**Exercise requirements**
Pictures stay out of this copy; please retype only the lines from the start of the records through the line with "3. Keverjük hozzá".
********
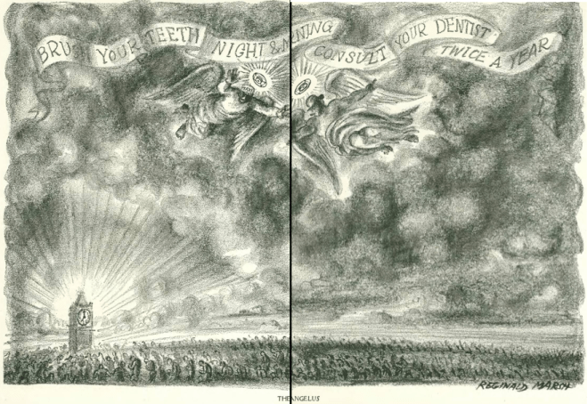 …and we close with our cartoonists…Reginald Marsh heralded the new year with this two-page spread depicting the heavens glorifying dental hygiene…
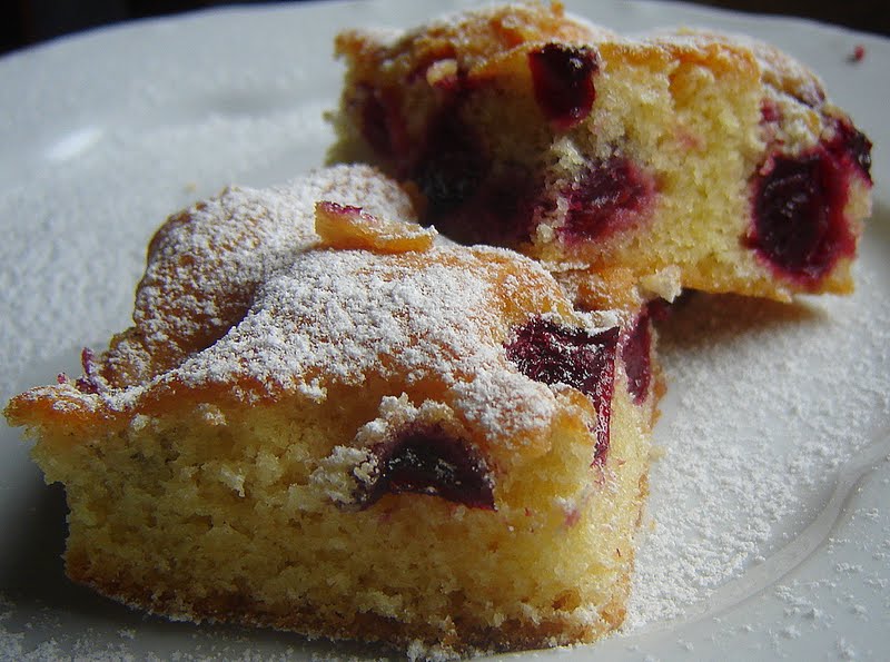 3. Keverjük hozzá a lágy vajat (lágy legyen, tényleg!), a lisztet és a sütőport, öntsük sütőpapírral borított közepes tepsibe (az enyém 30×28-as), szórjuk rá a cseresznyét, és süssük 30-35 percig.
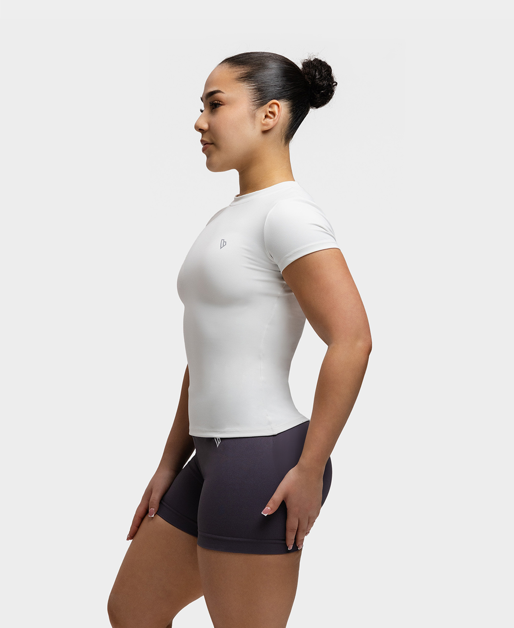 The Unified Fitted T-Shirt features a buttery-soft fabric that feels like a second skin. Its flattering seamlines enhance your silhouette, and the high crew neckline adds a classic touch. This versatile, comfortable piece can be dressed up or down, making it a perfect wardrobe staple.
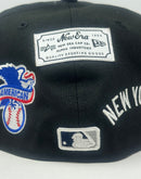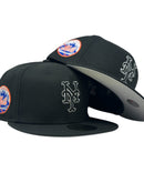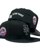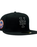 The Alpha Industries x New York Mets BlackΒ 59FIFTY Fitted Cap features an embroidered black and white Mets logo at the front panels with a signature Alpha Industries red ribbon at the left-wear side and an alternate team logo at the right-wear side. Additional details include a woven New Era Cap x Alpha Industries tag above a team color MLB Batterman logo at the rear with a National League patch to the left and a team wordmark to the right.
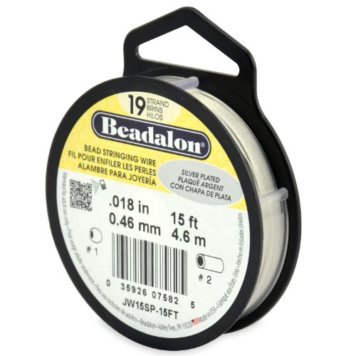 Beadalon 19-Strand Bead Stringing Wire, 0.018-Inch, Silver Plated, 15-Feet
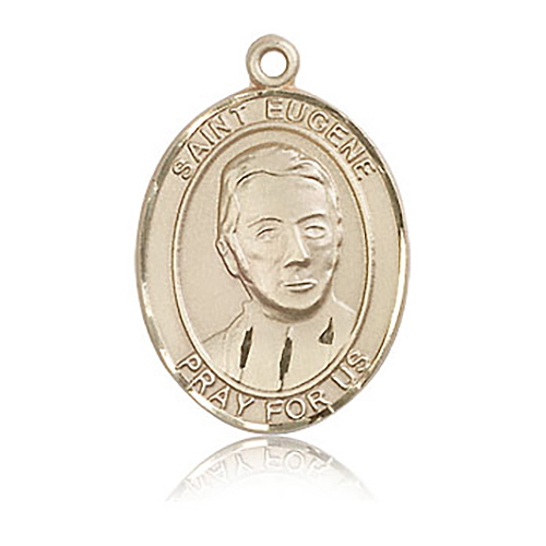 Die struck, hand-engraved medal is made of polished, solid 14kt yellow gold. Inscription: SAINT EUGENE PRAY FOR US. Dimensions: 1in x 3/4in. This item is the size of a quarter. Made in USA.
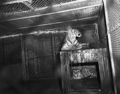 Heat? Water Y' Mean? - Rajah, who lives at Forest Park Zoo, doesn't mind the hot weather much. Especially when a member of the Zoo staff takes time to squirt him with a water hose. His mate, Josephine, who has all the instincts of a cat, says no thanks. She prefers the shade of her hut.
********
**Answer below**
 …and we close with our cartoonists…Reginald Marsh heralded the new year with this two-page spread depicting the heavens glorifying dental hygiene…
 3. Keverjük hozzá a lágy vajat (lágy legyen, tényleg!), a lisztet és a sütőport, öntsük sütőpapírral borított közepes tepsibe (az enyém 30×28-as), szórjuk rá a cseresznyét, és süssük 30-35 percig.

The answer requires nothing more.